Prevalence of type 2 diabetes is increasing at an alarming pace,
fueled by the rising rates of overweight and obesity in many
populations. A recent study estimated that the number of people
with diabetes increased worldwide from 153 million in 1980 to 347
million in 2008. This study estimated that from 1980 to 2008, the
age standardized prevalence of diabetes in the United States
increased from 6% to 12% in men and from 5% to 9% in women. In the
VA, prevalence of diabetes is higher than in the general population
and increasing over time. Miller et al. reported estimated rates of
diabetes in VA of 17% in fiscal year (FY) 1998, 19% in FY99 and 20%
in FY00. More recently, it was estimated that nearly 25% of
veterans receiving care in the VA have diabetes. Although people
with diabetes have a substantially increased risk of cardiovascular
disease (CVD), three large well designed recent clinical trials
testing intensive versus conventional glucose control strategies
(ACCORD, ADVANCE and VA-DT), have found that intensive glucose
control does not reduce the risk of CVD death or all-cause
mortality although it reduces the risk of microvascular
complications (nephropathy, retinopathy and neuropathy) and
possibly non-fatal myocardial infarction. Intensive glucose control
also increases the risk of hypoglycemic episodes. Several recent
meta-analyses that included these large "intensive versus
conventional control" trials have concluded that intensive control
is associated with a 2-2.5 fold increased risk of severe
hypoglycemia. However, these reviews included only randomized
controlled trials; we are unaware of a comprehensive systematic
review examining incidence of and risk factors for severe
hypoglycemia in adults with type 2 diabetes in both real-world and
clinical trial settings. Despite the increased risk of hypoglycemia
with intensive glycemic control, influential national guidelines
support an aggressive approach for patients with type 2 diabetes,
recommending a target hemoglobin A1c level (HbA1c) of less than 7.

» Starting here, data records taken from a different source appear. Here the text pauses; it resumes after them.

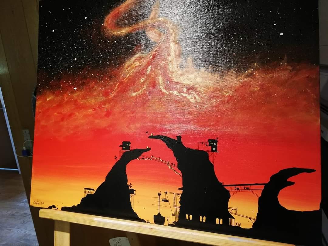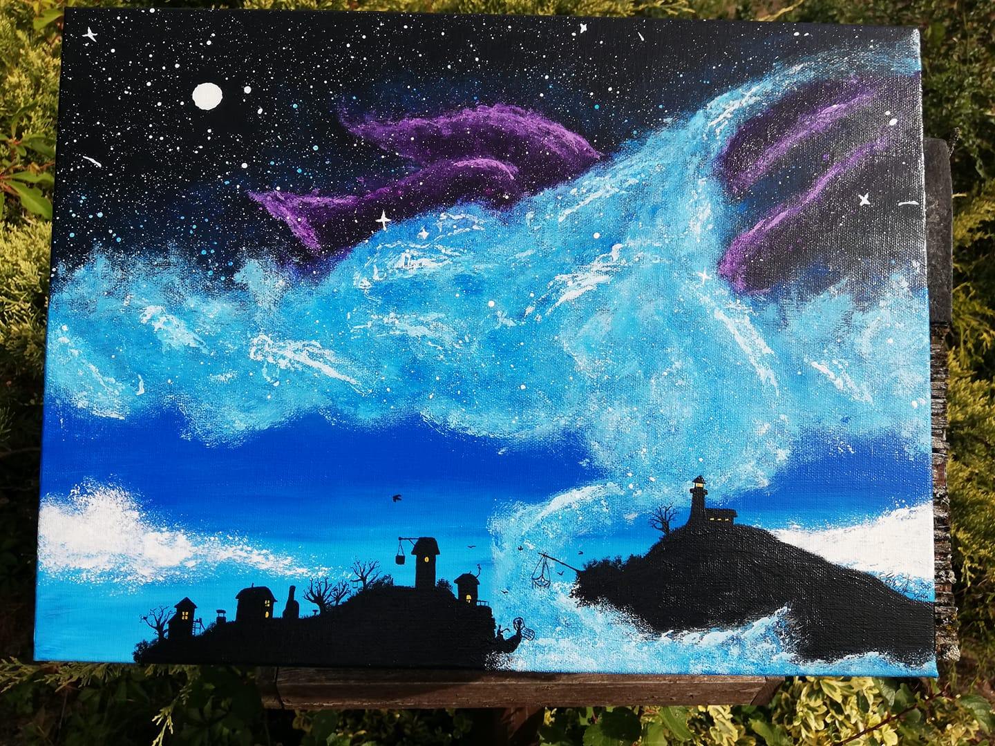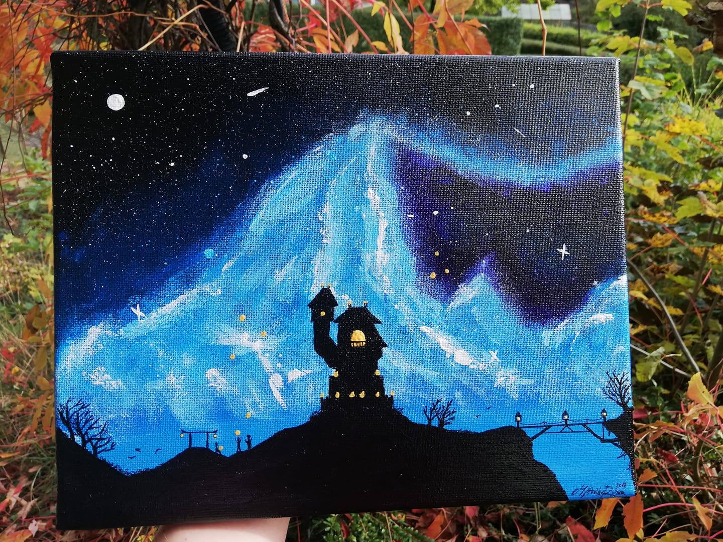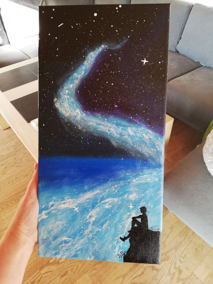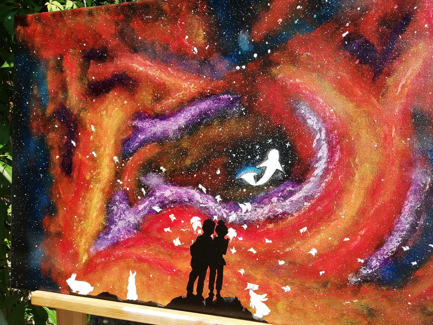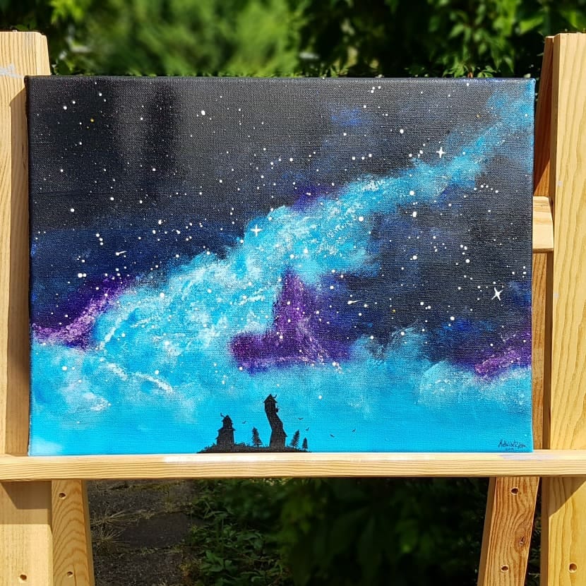 Around summer time I decided to play with acrylic paints. It was here I made my first galaxy painting. I shared it on Facebook and then my jaw dropped. “How much?” a comment said. The painting was sold before I knew it, and so many showed interest and suddenly I had commissions! I spent that summer painting, and having so much fun!
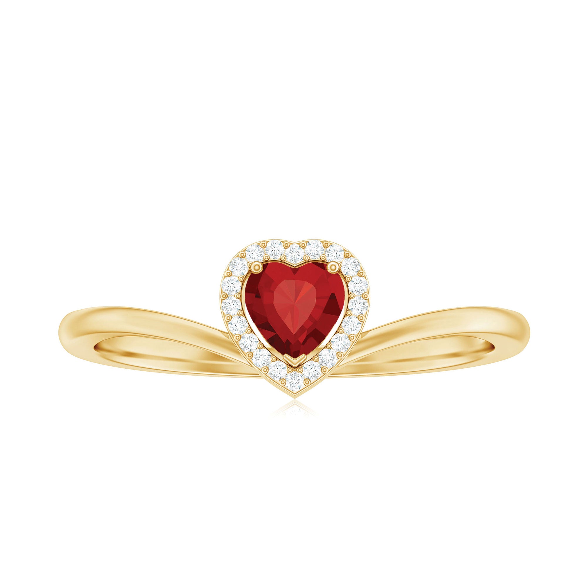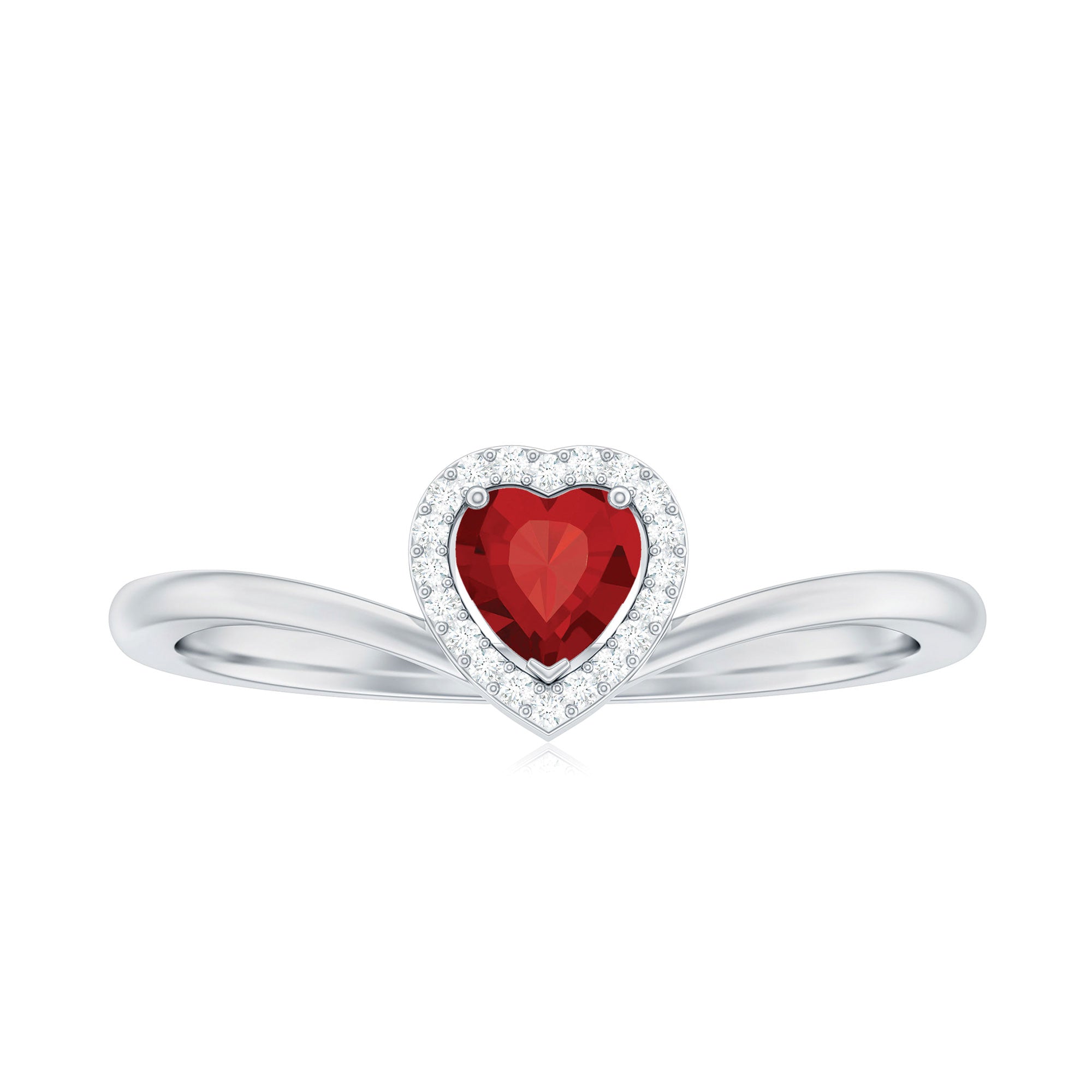 Add a little sparkle to your everyday or gift someone special with this adorable Heart Shaped Promise Ring. Designed with a sweet and stylish vibe, the Halo Ring features a 4 MM heart shaped lab created ruby sitting pretty in a secure prong setting. Its rich red color gives off a romantic feel, perfect for anyone who loves a pop of color with meaning behind it. Surrounding the ruby is a halo of tiny round diamonds that catch the light just right. What really makes this Ruby Heart Ring unique is its chevron-style band, which curves gently to hug the gemstone and gives the whole piece a modern twist. The blend of the heart shape and the chevron design creates a lovely mix of classic and trendy that is easy to fall for. Whether it is a promise, a special moment, or just a little treat for yourself, this Ruby and Diamond Ring is full of charm. It is light, easy to wear, and adds just the right touch of sparkle to any outfit, from casual to dressy. With its playful design and timeless feel, this Ruby Promise Ring is all about love, style, and sweet little promises that last.
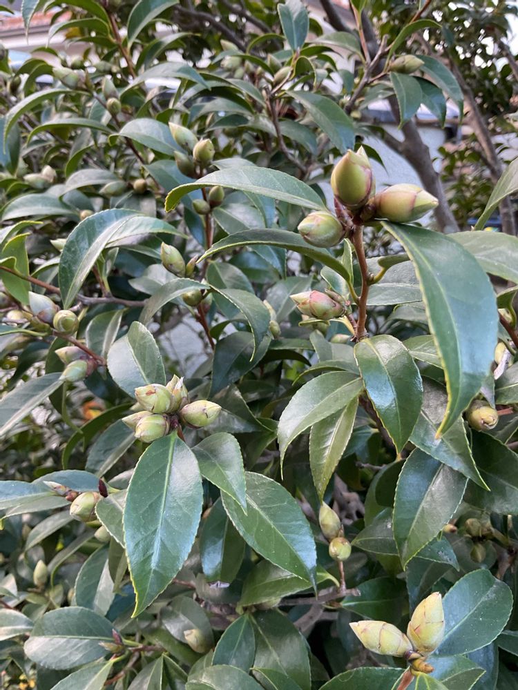 3枚目、もう〜 蕾が しっかり付いて来ました、3月上旬から 咲き出す 春の椿🌺です‼️
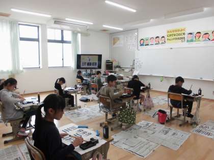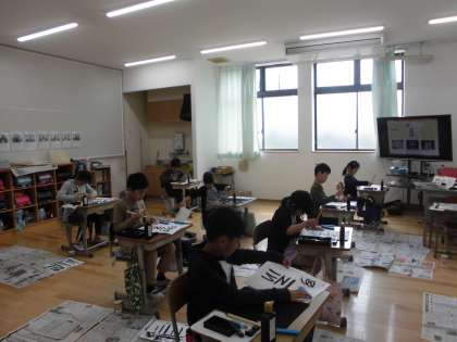 毛筆用具の並べ方や扱い方,筆の持ち方について学習した後,筆でいろいろな線を書きました。はじめは緊張していた子どもたちも徐々に緊張がほぐれ,線を書くことを楽しんでいました。最後の後片付けも丁寧にしっかりできました。
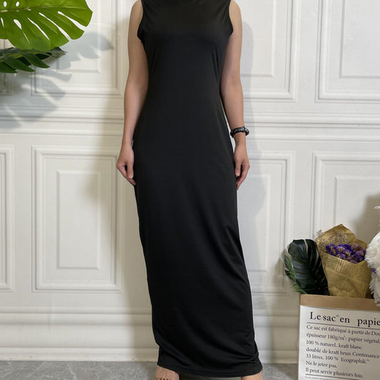 MS312#modest sleeveless slip inner dress with pockets
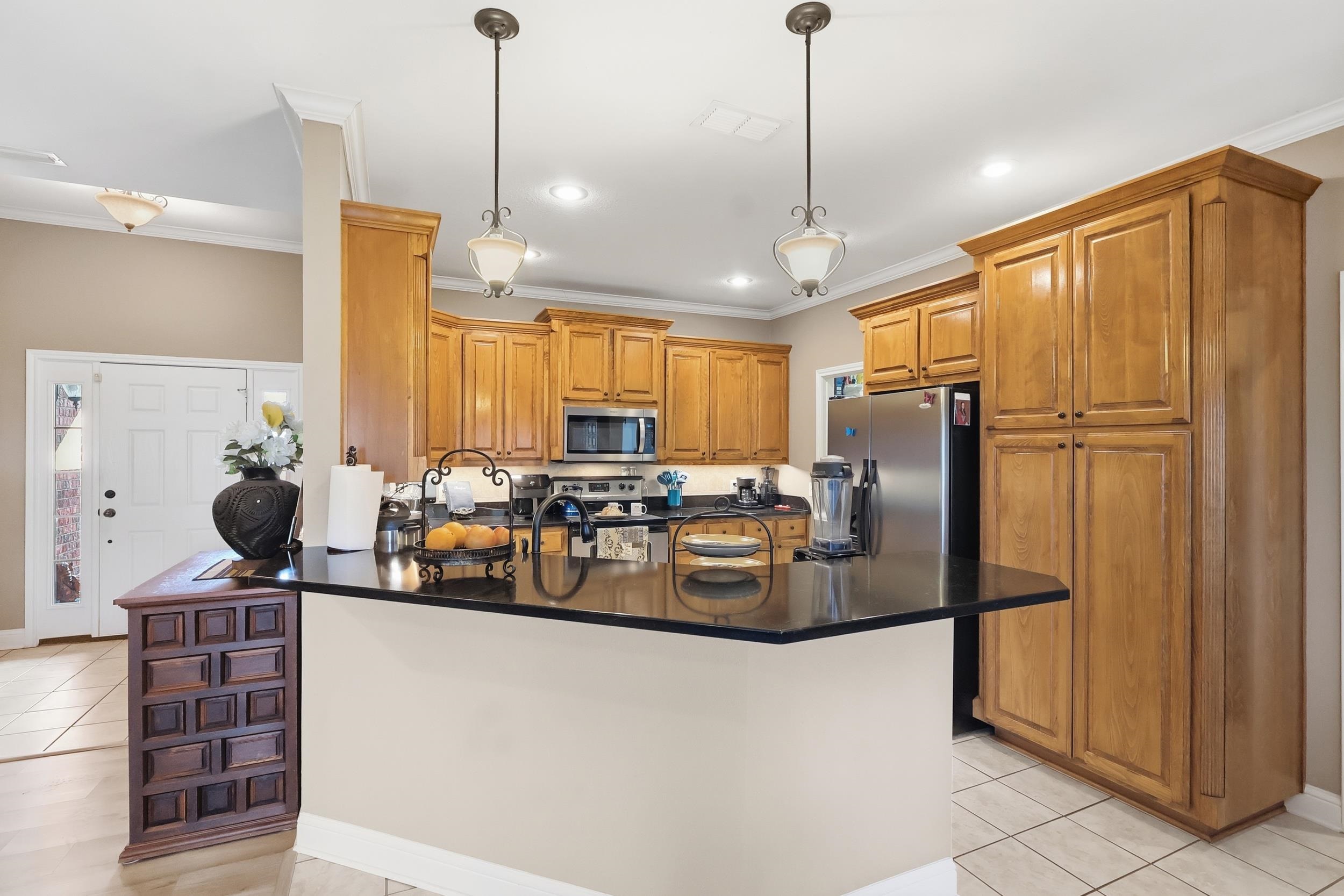 | This inviting 4-bedroom, 2-bath home is nestled in a well-established neighborhood and offers a comfortable blend of style and functionality. The kitchen features beautiful quartz countertops with ample workspace, perfect for everyday living and entertaining. The split master layout provides added privacy, with the spacious primary suite boasting a relaxing jacuzzi tub and a separate walk-in shower. The main/guest bath has a shower/tub combo. The living area is warm and welcoming, highlighted by a stunning stone fireplace that serves as a focal point for cozy gatherings. Step outside to enjoy the large backyard, ideal for outdoor activities, pets, or future additions. A convenient storage building adds extra space for tools, hobbies, or seasonal items. This home combines thoughtful design with desirable features, making it perfect for both relaxing and entertaining. Another great advantage is there is a Impact Resistance Roof that some insurance companies may give a discount on your policy. Let's not delay on making this your new home. | |
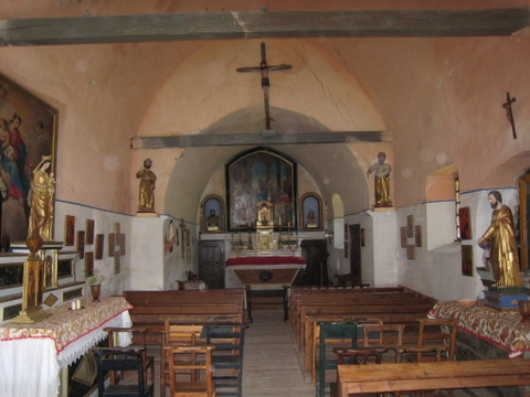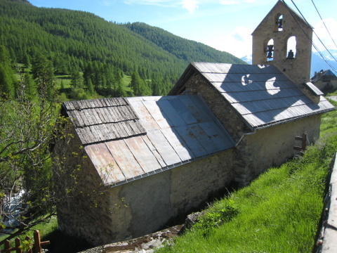 Petite église de montagne composée d’une nef unique et d’un chœur légèrement plus étroit que la nef, prolongé par une sacristie de plan rectangulaire. Voûtée en berceau, elle possède très peu d’ouvertures (il n’y en a pas au nord). Sa couverture en bardeaux (et tôle). Les murs sont composés de moellon enduit. Un clocher peigne surmonte le mur ouest et un Auvent charpenté protège la porte d’entrée.

This recommendation implies that the benefits of tight control
outweigh the risks even though the balance between these benefits
and harms is not actually known. In particular, the effects of
hypoglycemia on outcomes besides CVD events and all-cause mortality
have not, to our knowledge, been rigorously evaluated. The VA/DoD
guidelines recommend a more nuanced approach: target HbA1c levels
are based on life expectancy and severity of microvascular
complications. A level of less than 7% is recommended only for
those with no microvascular complications and a life expectancy of
greater than 10 years. We conducted the current review to provide
broader insight into the incidence of, the risk factors for, and
the clinical impact of severe hypoglycemia in adults with type 2
diabetes treated with glucose lowering medications. The key
questions were as follows: In adults with type 2 diabetes treated
with one or more hypoglycemic agents: Key Question #1: What is the
incidence of severe hypoglycemia in adults with type 2 diabetes on
one or more hypoglycemic agents? Key Question #2: What are the risk
factors for severe hypoglycemia in adults with type 2 diabetes on
one or more hypoglycemic agents (e.g., demographics,
co-morbidities, diabetes treatment regimen, other medication use,
goal and achieved HbA1c)? Key Question #3: What is the effect of
severe hypoglycemia on other outcomes in adults with type 2
diabetes on one or more hypoglycemic agents (e.g., quality of life,
mortality, morbidity, utilization)?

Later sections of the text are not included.